(Exercise inputs Opens)

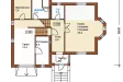 Небольшой по размеру в плане (10 на 13 метров) дом из газоблока. Рассчитан на постоянное проживание семьи, состоящей из 4 - 5 человек. Наиболее приемлемый для комфортного проживания набор помещений и их взаимное сочетание располагают к уютной обстановке в интерьере. Хорошо продуманные фасады прекрасно впишутся в любую среду застройки. Входная часть (тамбур) выполнена в виде остекленной веранды, пройдя которую, мы попадаем в холл, из которого открывается вид на гостиную и кухню-столовую с эркером. Особенностью внутренней планировки является перепад между отдельными частями дома на пол-этажа.
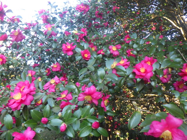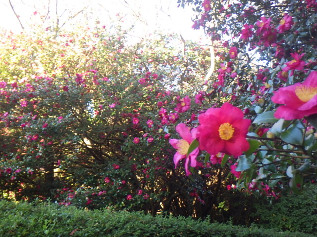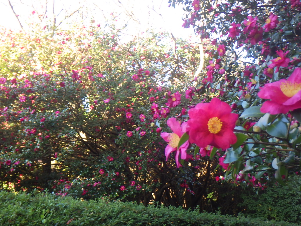 朝夕は冷え込みが厳しくなりましたが、眉山公園、とくしま植物園などでサザンカの花が見頃を迎えています。
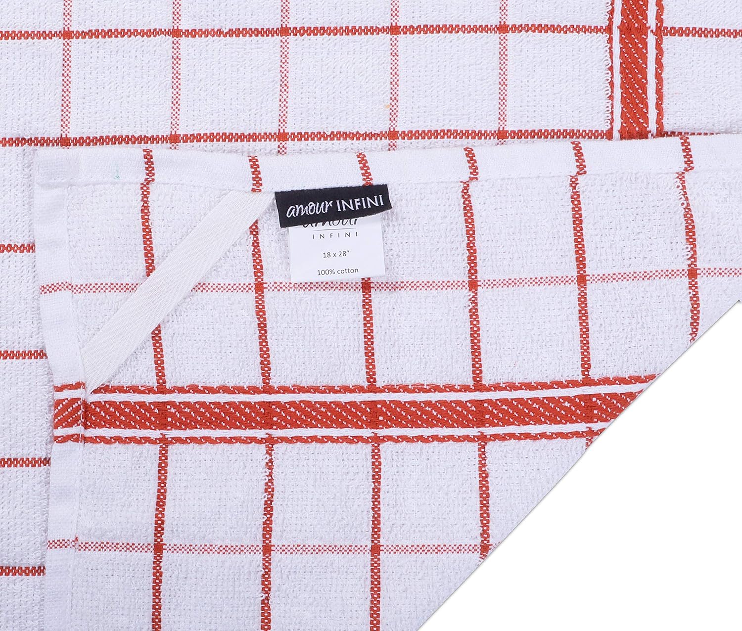 AMOUR INFINI Terry Cotton Kitchen Towels 4-Pack - Large 18 x 28 Inch, Absorbent & Soft Dish Towel with Hanging Loop, Washable Ideal for Cleaning, Drying (Rust)
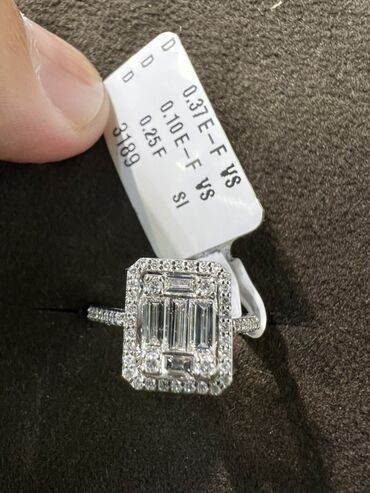 Элегантное кольцо с центральной группой бриллиантов огранки багет и круглыми бриллиантами по периметру и на шинке. Центральная часть украшена крупными багетными бриллиантами, расположенными вертикально, и четырьмя небольшими багетными бриллиантами по углам. Кольцо дополнено мелкими круглыми бриллиантами, которые создают ореол вокруг центральной части и украшают верхнюю часть шинки. Идеально подходит для особых случаев или в качестве изысканного подарка.Характеристики:
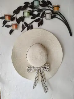Sombrero para sol y playa grande. Sombrero color beigeCon un lindo liston en tonos cafésIdeal para cubrir del sol de una manera eleganteSin detallesUsado una vezMide 46 cm de diámetro20 cm de diámetro en dónde va la cabeza
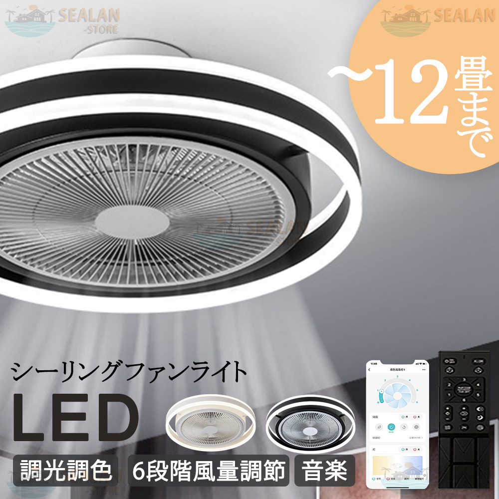 シーリングファンライト LED 音楽 ファン付き照明 Bluetooth 6畳 8畳 10畳12畳 調光調色 APP対応 6段調節 静音 軽量 扇風機 省エネ シーリングファン
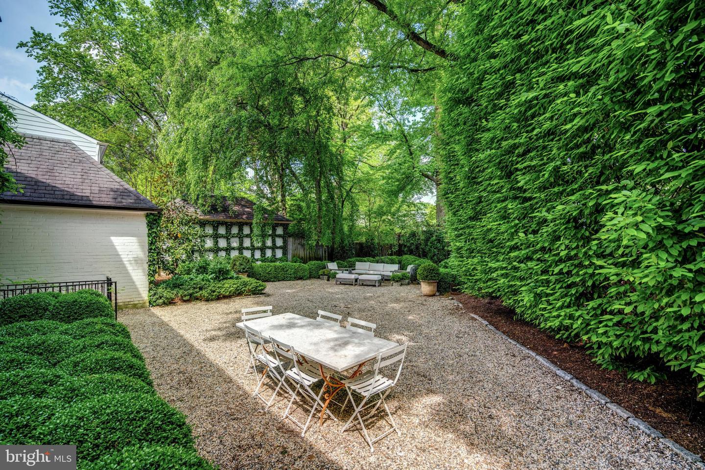 The second level of the home was remodeled in 2017 and features three bedrooms and two full baths all with Waterworks fixtures and finishes, including the primary suite with a spa-like ensuite. Fixed stairs lead to the third floor with two additional bedrooms, one with built-in bookshelves and an extra-deep closet. Extensive storage is accessible from the hall and one of the bedrooms. The walk-out lower level was completely remodeled in 2014 and now features a spacious paneled family room with nearly 8' ceilings, laundry room with marble countertops, loads of cabinetry, functional open shelving, large laundry sink, Miele washer/dryer and a wine refrigerator. Completing this level is a potential sixth bedroom and full bath, perfect for an in-law or au pair. The exquisite fenced-in gardens serve as an extension of the home highlighting mature trees with a pea gravel foundation and a cobblestone border. The garden is further accentuated by structured rows of Boxwoods, hydrangeas, peonies, mature perennials, square grids of mature English ivy and American wisteria, providing a true French-inspired oasis. The garden is the perfect space to enjoy morning coffee or afternoon drinks in the summer, while the outdoor high-end lighting and speaker system makes it an excellent space for evening entertaining. This spectacular home is complete with a detached single car garage with original carriage doors and off-street driveway parking. Located on a tree-lined street in Chevy Chase, DC, this home is walking distance to Rock Creek Park, Broad Branch Market, and is within close proximity to the restaurants and shops on Connecticut Avenue.
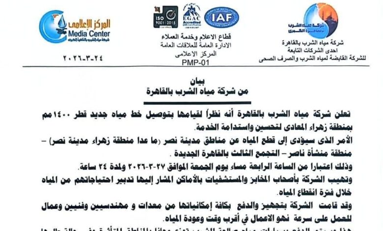 انقطاع المياه في مناطق متعددة بالقاهرة لمدة يوم كامل اعتبارًا من مساء الجمعة 27 مارس
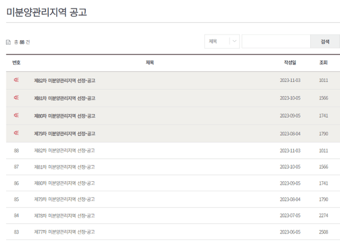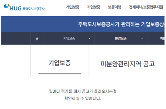 기업보증>미분양관리지역 공고 게시판으로들어가시면
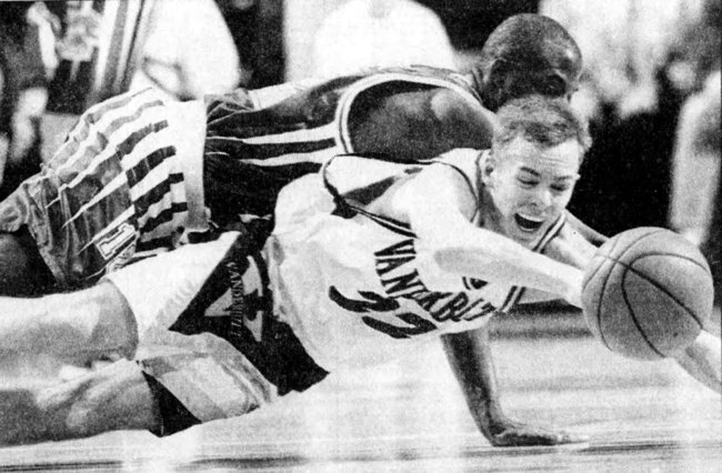 Vandy's Frank Seckar tries to secure a loose ball ahead of Rodrick Rhodes

(Exercise inputs Closes)

• [The problem]
Leaving out the pictures, return the records exactly as given.

• [Exercise answer]
 Небольшой по размеру в плане (10 на 13 метров) дом из газоблока. Рассчитан на постоянное проживание семьи, состоящей из 4 - 5 человек. Наиболее приемлемый для комфортного проживания набор помещений и их взаимное сочетание располагают к уютной обстановке в интерьере. Хорошо продуманные фасады прекрасно впишутся в любую среду застройки. Входная часть (тамбур) выполнена в виде остекленной веранды, пройдя которую, мы попадаем в холл, из которого открывается вид на гостиную и кухню-столовую с эркером. Особенностью внутренней планировки является перепад между отдельными частями дома на пол-этажа.
 朝夕は冷え込みが厳しくなりましたが、眉山公園、とくしま植物園などでサザンカの花が見頃を迎えています。
 AMOUR INFINI Terry Cotton Kitchen Towels 4-Pack - Large 18 x 28 Inch, Absorbent & Soft Dish Towel with Hanging Loop, Washable Ideal for Cleaning, Drying (Rust)
 Элегантное кольцо с центральной группой бриллиантов огранки багет и круглыми бриллиантами по периметру и на шинке. Центральная часть украшена крупными багетными бриллиантами, расположенными вертикально, и четырьмя небольшими багетными бриллиантами по углам. Кольцо дополнено мелкими круглыми бриллиантами, которые создают ореол вокруг центральной части и украшают верхнюю часть шинки. Идеально подходит для особых случаев или в качестве изысканного подарка.Характеристики:
Sombrero para sol y playa grande. Sombrero color beigeCon un lindo liston en tonos cafésIdeal para cubrir del sol de una manera eleganteSin detallesUsado una vezMide 46 cm de diámetro20 cm de diámetro en dónde va la cabeza
 シーリングファンライト LED 音楽 ファン付き照明 Bluetooth 6畳 8畳 10畳12畳 調光調色 APP対応 6段調節 静音 軽量 扇風機 省エネ シーリングファン
 The second level of the home was remodeled in 2017 and features three bedrooms and two full baths all with Waterworks fixtures and finishes, including the primary suite with a spa-like ensuite. Fixed stairs lead to the third floor with two additional bedrooms, one with built-in bookshelves and an extra-deep closet. Extensive storage is accessible from the hall and one of the bedrooms. The walk-out lower level was completely remodeled in 2014 and now features a spacious paneled family room with nearly 8' ceilings, laundry room with marble countertops, loads of cabinetry, functional open shelving, large laundry sink, Miele washer/dryer and a wine refrigerator. Completing this level is a potential sixth bedroom and full bath, perfect for an in-law or au pair. The exquisite fenced-in gardens serve as an extension of the home highlighting mature trees with a pea gravel foundation and a cobblestone border. The garden is further accentuated by structured rows of Boxwoods, hydrangeas, peonies, mature perennials, square grids of mature English ivy and American wisteria, providing a true French-inspired oasis. The garden is the perfect space to enjoy morning coffee or afternoon drinks in the summer, while the outdoor high-end lighting and speaker system makes it an excellent space for evening entertaining. This spectacular home is complete with a detached single car garage with original carriage doors and off-street driveway parking. Located on a tree-lined street in Chevy Chase, DC, this home is walking distance to Rock Creek Park, Broad Branch Market, and is within close proximity to the restaurants and shops on Connecticut Avenue.
 انقطاع المياه في مناطق متعددة بالقاهرة لمدة يوم كامل اعتبارًا من مساء الجمعة 27 مارس
 기업보증>미분양관리지역 공고 게시판으로들어가시면
 Vandy's Frank Seckar tries to secure a loose ball ahead of Rodrick Rhodes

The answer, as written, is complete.